Assigned task: Which of the lines below holds the string "Figura"? Copy every line that does.

Records provided:
***

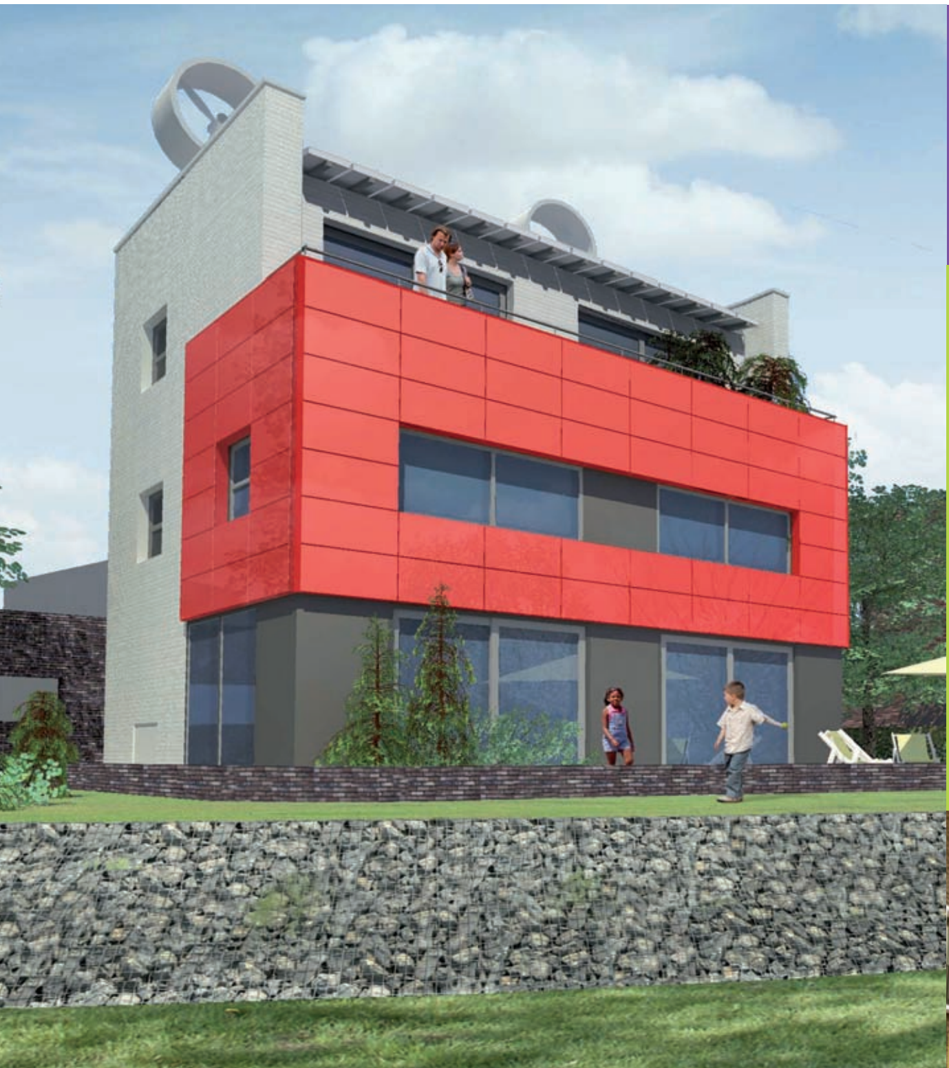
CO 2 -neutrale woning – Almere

***

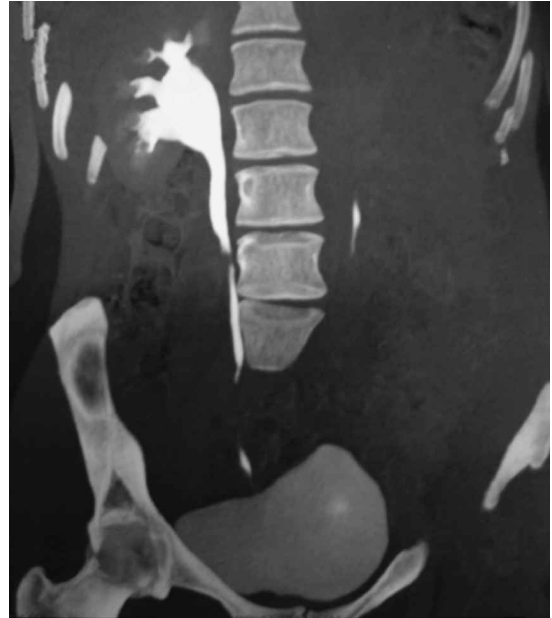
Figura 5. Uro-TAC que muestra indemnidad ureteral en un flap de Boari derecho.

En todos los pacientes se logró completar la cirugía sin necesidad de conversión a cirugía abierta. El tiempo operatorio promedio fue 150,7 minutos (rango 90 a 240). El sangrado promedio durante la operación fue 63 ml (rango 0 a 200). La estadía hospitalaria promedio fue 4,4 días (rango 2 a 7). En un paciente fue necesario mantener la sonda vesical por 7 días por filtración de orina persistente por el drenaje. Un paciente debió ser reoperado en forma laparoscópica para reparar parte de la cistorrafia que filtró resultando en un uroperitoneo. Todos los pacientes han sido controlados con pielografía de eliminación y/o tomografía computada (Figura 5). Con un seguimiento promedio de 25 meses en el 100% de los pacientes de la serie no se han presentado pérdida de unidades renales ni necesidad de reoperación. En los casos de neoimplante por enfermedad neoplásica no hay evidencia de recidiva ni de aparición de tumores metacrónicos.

***

Task response:
Figura 5. Uro-TAC que muestra indemnidad ureteral en un flap de Boari derecho.
En todos los pacientes se logró completar la cirugía sin necesidad de conversión a cirugía abierta. El tiempo operatorio promedio fue 150,7 minutos (rango 90 a 240). El sangrado promedio durante la operación fue 63 ml (rango 0 a 200). La estadía hospitalaria promedio fue 4,4 días (rango 2 a 7). En un paciente fue necesario mantener la sonda vesical por 7 días por filtración de orina persistente por el drenaje. Un paciente debió ser reoperado en forma laparoscópica para reparar parte de la cistorrafia que filtró resultando en un uroperitoneo. Todos los pacientes han sido controlados con pielografía de eliminación y/o tomografía computada (Figura 5). Con un seguimiento promedio de 25 meses en el 100% de los pacientes de la serie no se han presentado pérdida de unidades renales ni necesidad de reoperación. En los casos de neoimplante por enfermedad neoplásica no hay evidencia de recidiva ni de aparición de tumores metacrónicos.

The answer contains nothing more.